Cold Snap
Cold Snap
Susie Kaufman
I remember a soundtrack of children with gravel-impacted wounded knees crying for their mothers in Riverside Park, games played with pink rubber balls against a counterpoint of sing-song chanting. In upper Manhattan, I could hear the cars honking and backfiring, the sirens screaming, hanging out of our living room window fourteen floors above Broadway. Workmen on scaffolding leaned over precariously the better to catcall at women in high heels wiggling by. Music punctuated the ambient noise. Girl groups, big brass sections, the wall of sound. The air was dense with radio waves, the pavements imprinted with a thousand feet trying to execute the Locomotion. In my memory, it was always hot, loud and crowded. On the IRT, our breath mingled, our bodies suffered indiscriminate intimacies. Even in winter, the hiss and percussion of the radiators made a racket and it was always sweltering inside. I did not come of age in cold and quiet.

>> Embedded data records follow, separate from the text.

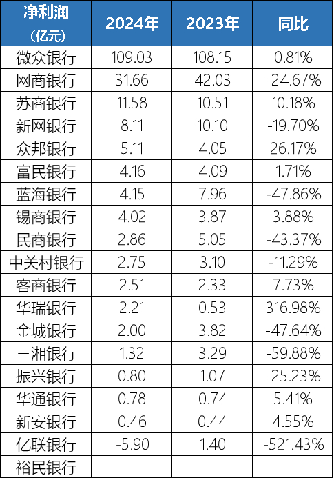 具体到净利润,“头部稳、腰部缓、尾部亏” 的特征更为鲜明。微众银行(109.03 亿元)与网商银行(31.66 亿元)合计占比近75%,其中微众银行净利润同比微增0.81%,展现抗周期能力;网商银行因拨备计提加大,净利润同比下滑 24.67%,但仍稳居第二。尾部亿联银行成为行业唯一亏损机构,2024年巨亏5.9亿元,同比降幅达 521.43%,主要因合作贷款踩雷导致信用减值损失激增;除此之外三湘银行、金城银行、蓝海银行、民商银行等净利润降幅超40%,盈利压力凸显。
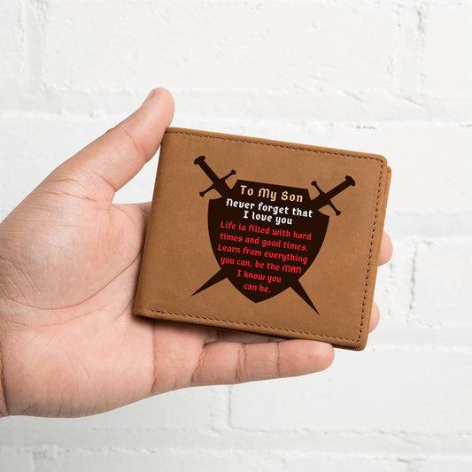 To Son Gift, Warrior Shield, Hard Times and Good Times, Inspirational Graphic Leather Wallet
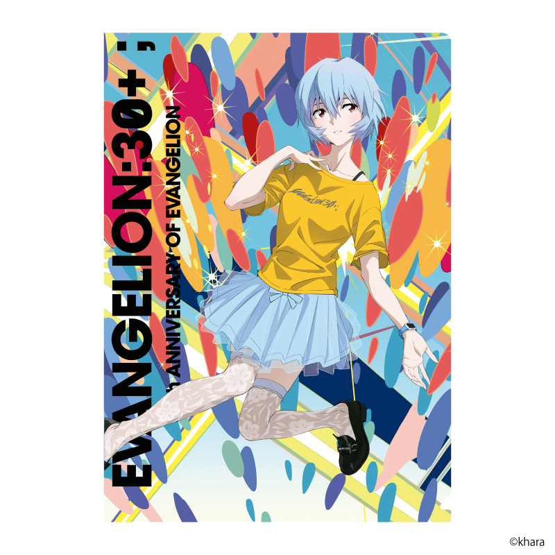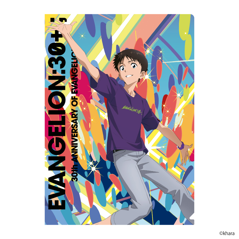 「EVANGELION:30+; 30thANNIVERSARY OF EVANGELION」の描き下ろしメインビジュアルを使用したクリアファイルセットとクリアファイルを収納できるクリアファイルホルダーのセットです。
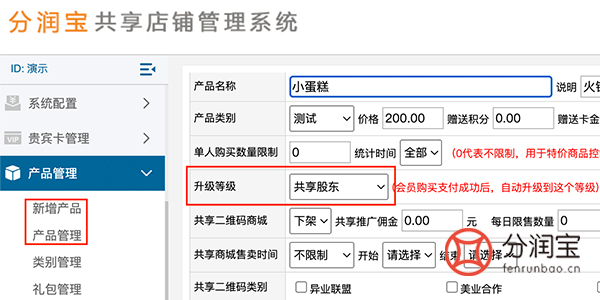 在分销系统中储值卡管理中设定储值金额。例如,普通会员储值 200 元,系统自动触发升级机制,将其升级为分红股东,享受共享股东权益。
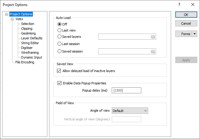 Select the Last View option to load the Default Saved View at the end of each Vizex session. To save your current display and form set settings as a Saved View, click the File | Save menu option. For more information refer to the Vizex Layer Types topic.
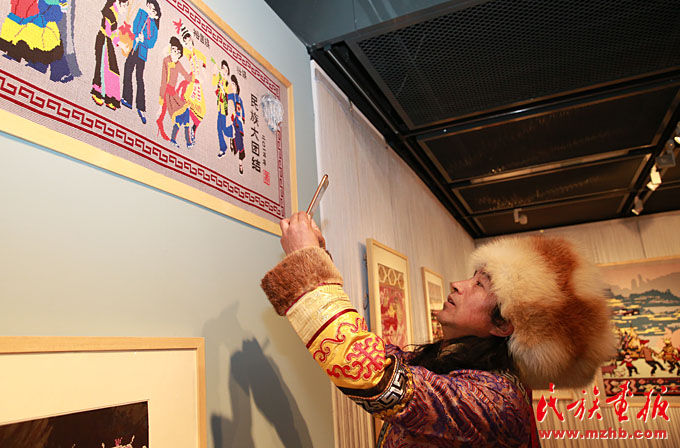 裕固族作家拿起手機拍攝《民族大團(tuán)結(jié)》織錦中的裕固族圖案
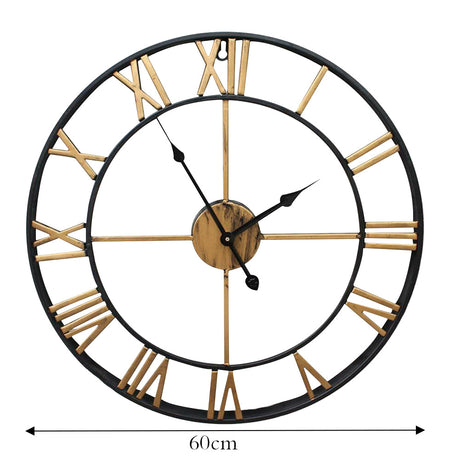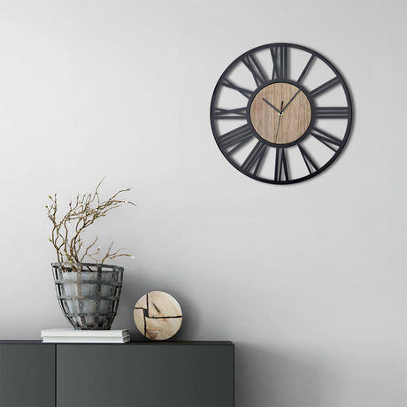 Metal Wood Decorative Wall Clock with Roman Numerals
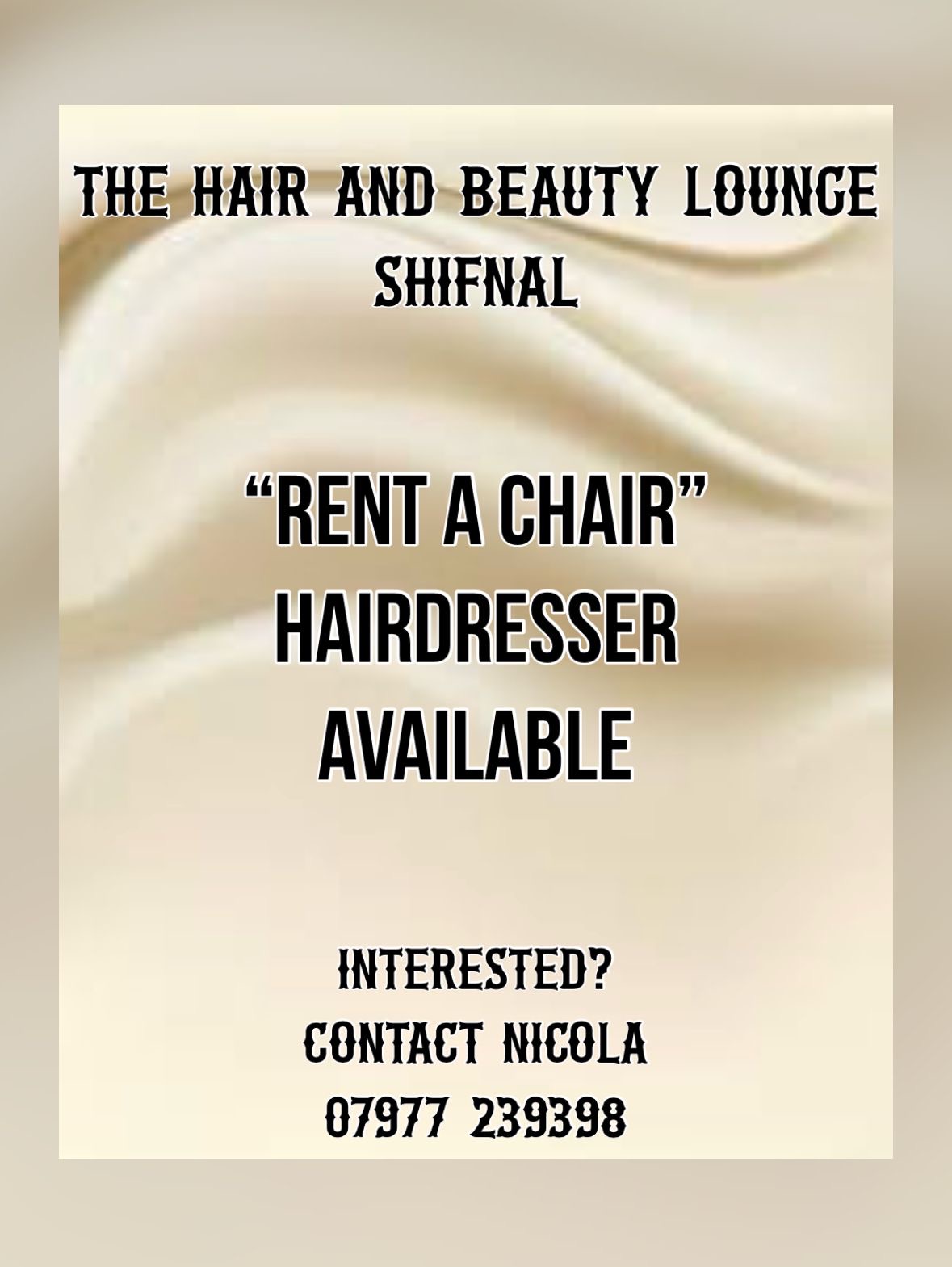 Hairdressing chair to rent full or part time. We are a Hair and Beauty salon set over 3 floors. Hair is on the ground floor
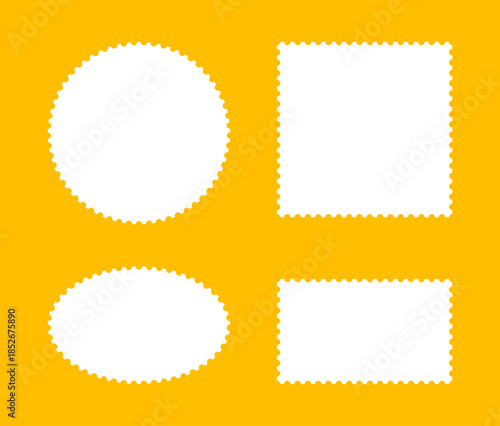 Postage stamp frames template. Circle or oval and rectangular blank vintage stamps. Backdrops for postcards, letters, empty borders. Coupons, tags, label, boxes with wavy, wiggly perforated edges.
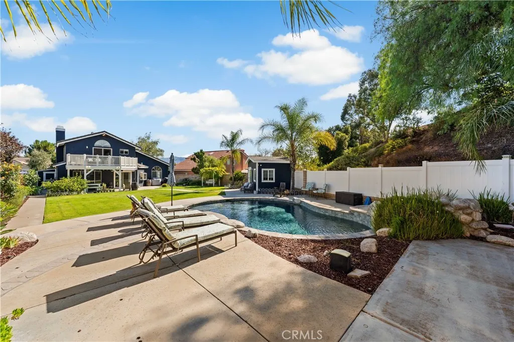 Very Motivated seller with over $130,000 in price cuts! Make an offer on this gorgeous home before it's gone! Set on one of the largest lots in the coveted Circle J Ranch community, this exceptional home offers over 10,000 sq ft of space designed for unforgettable entertaining and comfortable everyday living. The resort-style backyard is a true showstopper, featuring a sparkling pool with a new energy-efficient pump, waterfall, updated tile, and PebbleTec finish, plus a versatile pool house perfect for a gym, game room, or potential future ADU. A private basketball court, flourishing fruit and vegetable garden, no rear neighbors, new vinyl fencing, and a large side yard with storage shed gives plenty of room to park toys and more. Inside, the open-concept family room and kitchen invite connection with a cozy fireplace, oversized island, dual sinks, recessed lighting, and included appliances—refrigerator, washer, dryer, and even the pool table convey. The expanded primary suite offers dual walk-in closets, room for a sitting area or office, a private ensuite bath, and its own balcony overlooking the backyard. Additional highlights include paid-off Tesla solar, newer flooring and paint, ceiling fans throughout, smart home features, and generator-ready capabilities. With no HOA and no Mello Roos, this one-of-a-kind property blends energy efficiency, modern upgrades, and incredible outdoor amenities into a lifestyle opportunity you don’t want to miss.
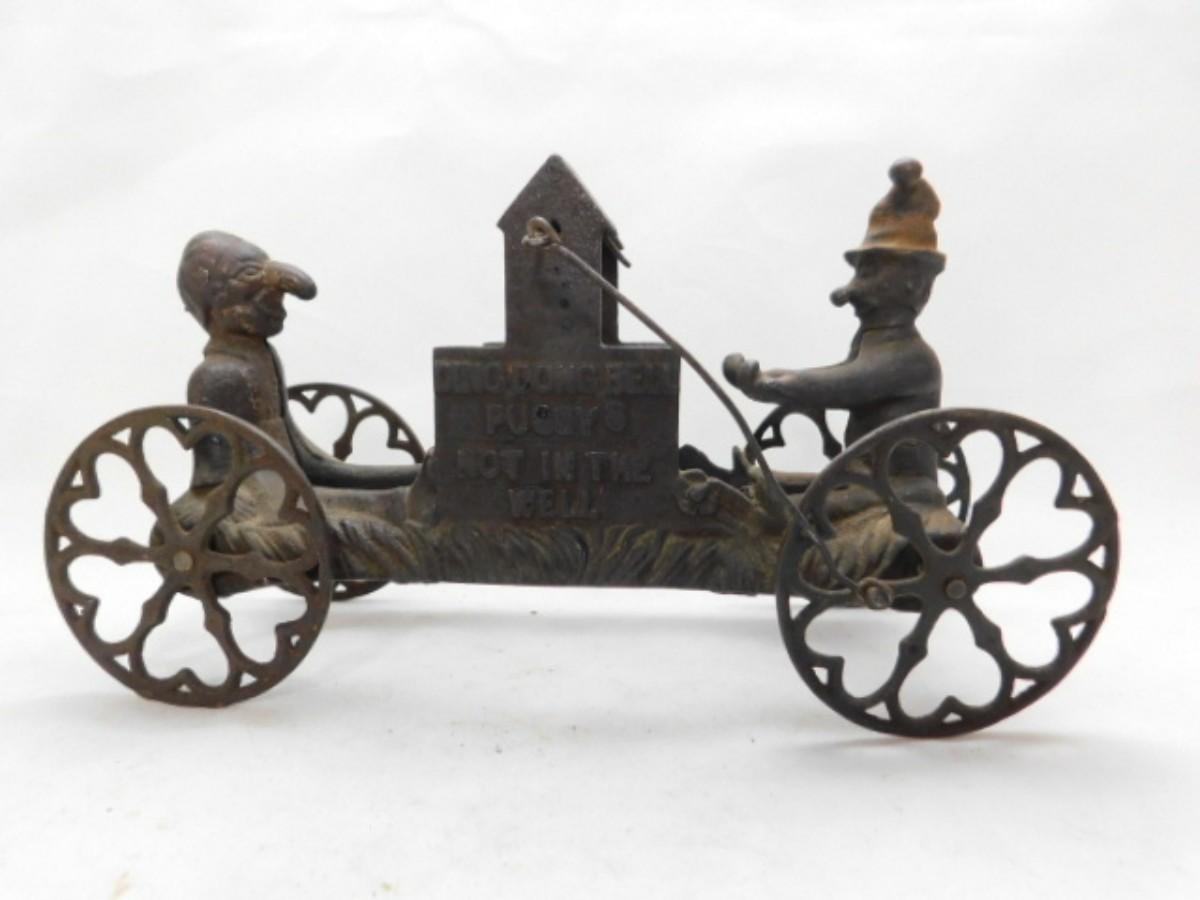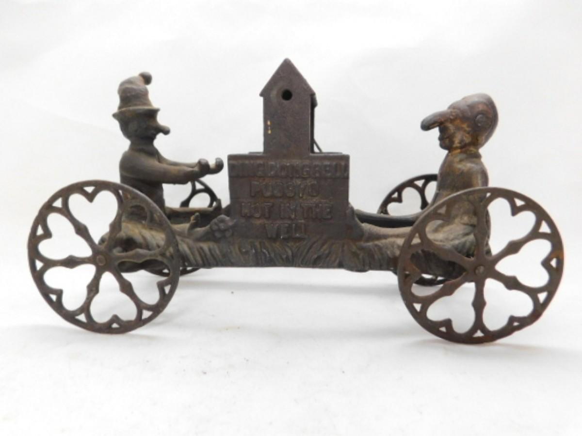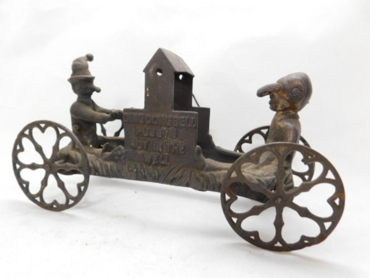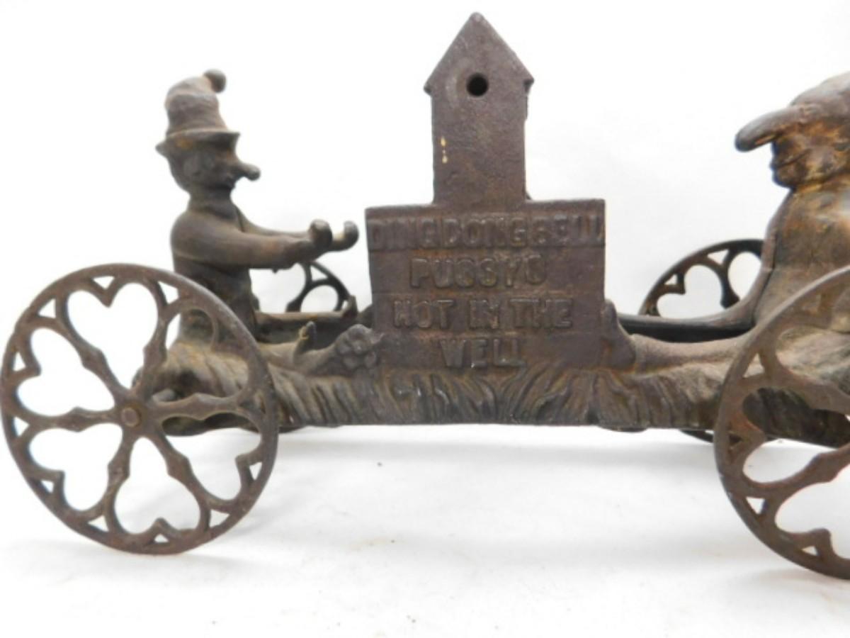 Rare Antique Gong Bell Manufacturing Mid-1800's Ding Dong Bell Cast Toy missing the bell and cat as shown
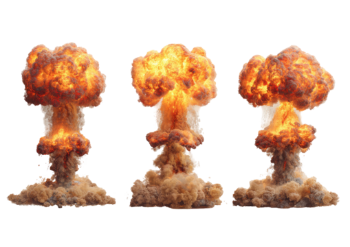 Fiery explosion creating a large mushroom cloud of dark smoke and intense flames, with debris and dust scattering from the powerful ground detonation on a transparent background, png
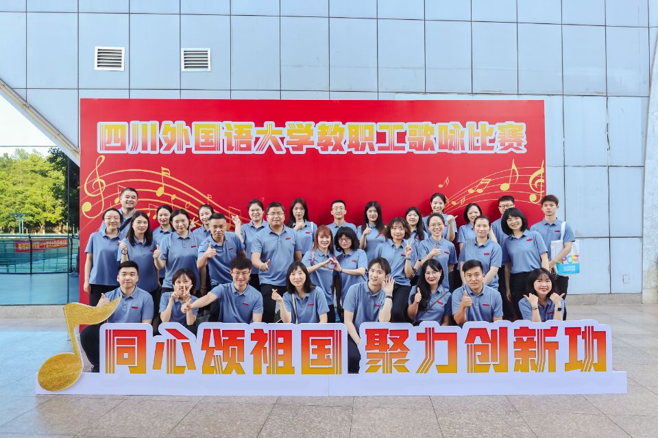 西方语言文化学院教师合唱团的成员分别来自学院领导、9个语种的专业教师和全体学工人员。非常荣幸的是学校党委书记邹渝也加入了学院教师合唱团,这极大地鼓舞了全体成员,增强了大家的信心和动力。老师们用深情悠扬的歌声表达了对学校和祖国的深情厚爱,对教育事业的坚定执着和对美好未来的期盼和祝愿。经过角逐,学院教师合唱团荣获了“最佳风采奖”。

You will understand then that when the mercury fell below zero last weekend in Stockbridge, descending to -17 Saturday night, I vowed not to leave the house, fearing for my lungs and my brittle bones. It seemed an opportune time to do some writing, to leave the overworked past and the flickering glimpses of a possible future behind and sink like a stone into the present. The trouble with trying to write about the Now on a bleak, cold day is that your blood has already gone gelid in your veins, so the words don't come to mind at their usual chirpy pace. Your thoughts are stuck on an icy road and don't have the traction to get up the hill of your brain and out onto the screen. I survived Saturday whipping up a boeuf bourguignon and baking chocolate chip cookies, reasoning correctly that the heat from the oven and the homey, nostalgic aromas would promote a feeling of wellbeing, however illusory. I also talked to myself gravely about the health benefits of consuming a lot of fat in a very cold climate like native peoples in the North eating whale blubber.
By Sunday, the novelty of camping out in the living room had worn off and the demons began to occupy. Newspapers and netflix did not furnish an adequate defense. There was too much empty space begging to be filled with regrets and anxieties. I tried to access my inner Rumi, treating each incursion from the jungle interior as if it were an unexpected visitor. "The dark thought, the shame, the malice, meet them at the door laughing, and invite them in," suggested the Sufi poet. I did not feel hospitable. Leave me alone! I implored. An enormous blank canvas like an overtired two year old demanded my attention. All day long, columns of recriminations advanced, gaining ground, closing off possible avenues of escape. Past moments of cruelty, insufficiencies of the heart and future imaginings of catastrophe lay in wait.
So here's the dirty little secret. I'm keen on contemplative space, emptiness, silence, when I'm in charge, when I set the parameters, when it's easy. But when I feel imprisoned by it, called to surrender to circumstances beyond my control, I'm about as contemplative as a bargain hunter on Black Friday. I want out. I want more and when I'm held against my will, I kick and scream. I'm going to need to get better at this because whether I like it or not, the space I inhabit will shrink as I age. Opportunities in the physical world, in the realm of flesh and bone, will diminish. Already, I don't drive after dark. I know who my friends are and when I allow myself to stare at reality without blinking, I understand that there will be fewer of them, not more of them, as time goes on. I can't see what's coming, but whatever it is, it will be quieter and less densely populated than the clamorous street scene of my early life. My last piece of pie may be concocted out of long years of slowing down, losing ground, or short days of living absent an awareness that life might end on any ordinary Monday morning. I listen for that song, but it's faint, in the background. When I do hear it clearly, it is strangely comforting. It settles my stomach and caresses my restlessness. It warms me whatever the weather.